Substitute the values in above equation
$$\Rightarrow K={\displaystyle \frac{2.303}{40}}\log {\displaystyle \frac{100}{100-90}}$$
$$\Rightarrow K={\displaystyle \frac{2.303}{40}}\log {\displaystyle \frac{100}{10}}$$
And hence on solving we have,
$$\Rightarrow K={\displaystyle \frac{2.303}{40}}\log 10$$
$$\Rightarrow K={\displaystyle \frac{2.303}{40}}\times 1$$
Now on doing the simplification, we have
$$\Rightarrow K=5.757\times {10}^{-2}\stackrel{-1}{min}$$
Thus, the rate constant value of first order reaction is $$5.757\times {10}^{-2}\stackrel{-1}{min}$$.
The half-life of the reaction is defined as the time required to decrease the amount of reactant consumed by one half.
The half-life of first order reaction is given as shown below.
$$t_{1/2}={\displaystyle \frac{0.693}{k}}$$
Where,
K is the rate constant.
To calculate the half-life of first order reaction, substitute the value of K in the equation.

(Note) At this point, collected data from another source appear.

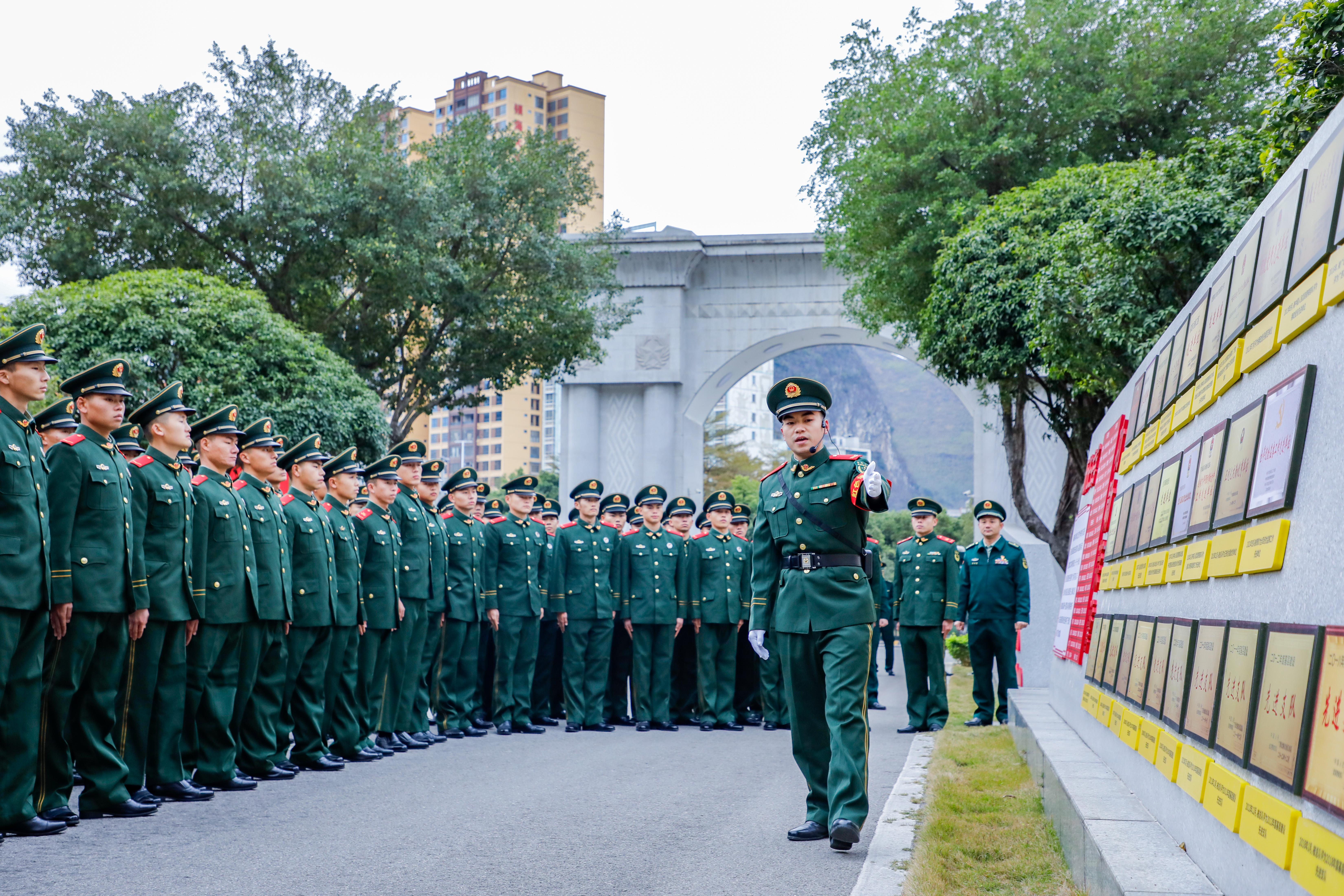 站在“中国武警忠诚卫士”“瑶乡爱民模范”陈卓伟烈士雕像前,聆听着他生前的动人故事,新兵们无不被那舍己救人、献身瑶乡的革命精神和英雄事迹深深感染。全体新兵神情庄重,右拳高举,面对着武警部队旗庄严宣誓,声音激昂洪亮,充分展现出他们将“人民武警为人民”的情怀融入红色血脉的忠诚与决心。
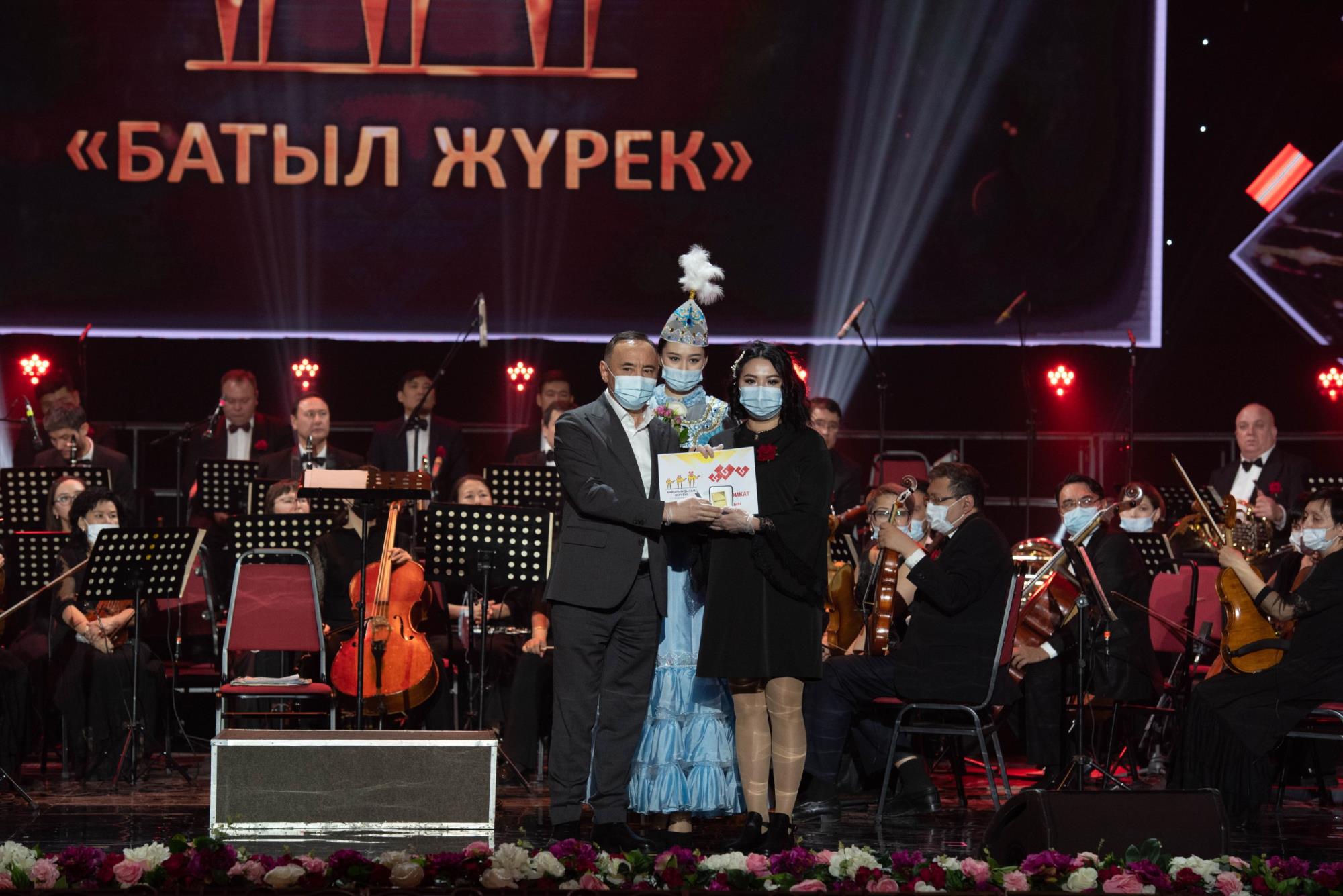 — в номинации «Бала жүрегі» — 16-летняя Дана Утебаева из Западно-Казахстанской области. Призовое место присуждено за отважный поступок в спасении 3-х детей при пожаре;
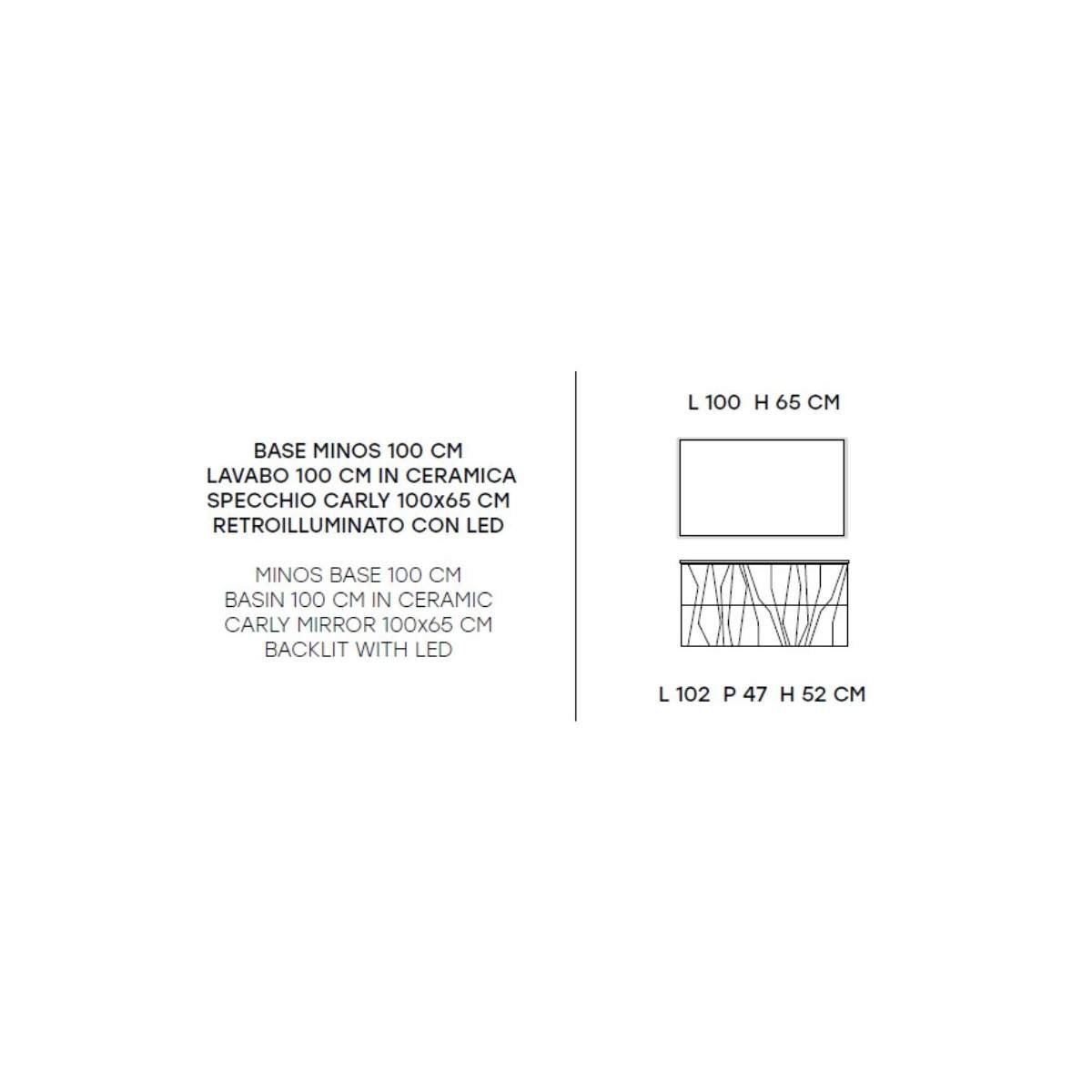 La composizione comprende una base sospesa da 100 cm con lavabo in ceramica coordinato da 100 cm, offrendo ampio spazio di appoggio e una gestione ordinata degli elementi del bagno. Lo specchio Carly retroilluminato con LED da 100x65 cm assicura una luce uniforme e confortevole, ideale per la cura personale e per valorizzare l’ambiente circostante.

$$\Rightarrow t_{1/2}={\displaystyle \frac{0.693}{5.757\times {10}^{-2}}}$$
$$\Rightarrow t_{1/2}=10.3min$$
Thus, the half-life of first order reaction is 10.3 min.

Note:
As the half-life of first order reaction is inversely proportional to the rate constant. So, for a shorter half-life, the reaction will be fast and the rate constant value will be larger. For, longer value of half-life the reaction will be slow and the rate constant value will be low.